Trying Black Out Poetry

I tried black out poetry, which I had never tried before! Besides getting maybe a little high from the Sharpee fumes, it was fun and challenging. I had to really find a page that would need to be a black out poem and therefore themes that would have to do with space in this way. So I found this book called Future Shock, totally free, and paged through. I did find one that had the word horizon in all caps and decided to use the horizon as an image that uses light and receding light. I only realized this after I saw the words “nearby city” and then decided to think about a scene with both a horizon and a city and how the two exchange light in a way as night falls. Here is my poem! If you don’t get any of these themes from it I don’t blame you. I do recommend trying the black out poem though! I tried another one but the image wouldn’t load correctly. HOrizon black out poem

 

 

2 Replies to “Trying Black Out Poetry”

  1. Gabi,
    This poem is really gorgeous, and while I want to try out something similar, I’m totally terrified of defacing a book I’ve spent good money on! Maybe I can dig through and destroy a book from Humanities to experiment with (I’m looking at you Lytton), but I’m also interested in the morality of altering someone else’s text to create a new one in your words. I think it could be cool to play with the words of old white dudes and maybe pull something out of them that we haven’t seen before.

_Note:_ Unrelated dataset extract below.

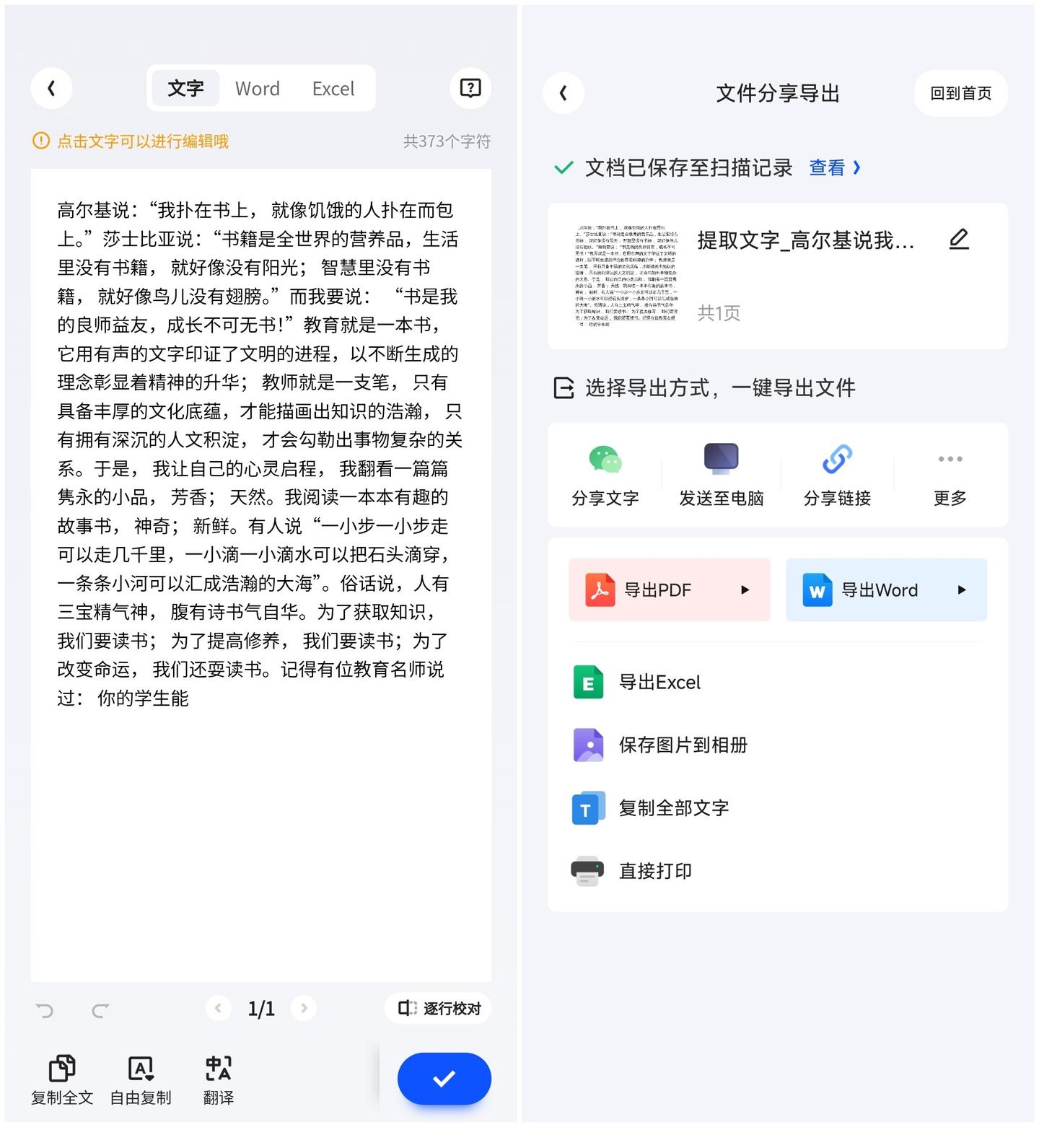 4. 你可以对提取的文字进行复制、转发、收藏等操作,方便后续使用。

  2. Nicole that sounds really interesting! Like the idea of “defacing.” Hmm that could be a collection. Something I found really interesting while blacking out my poem was that the page obviously had an agenda and a goal and that by rewording the page I was disrupting that. Like this guy wrote this book in the 80s about the “shock” of change to come and how to survive it. So that was like a whole layer for me as a writer to think about how this man was afraid of the coming change and I was blocking out his words from the future. So yeah it creates a completely different poem in the poet’s eyes I think.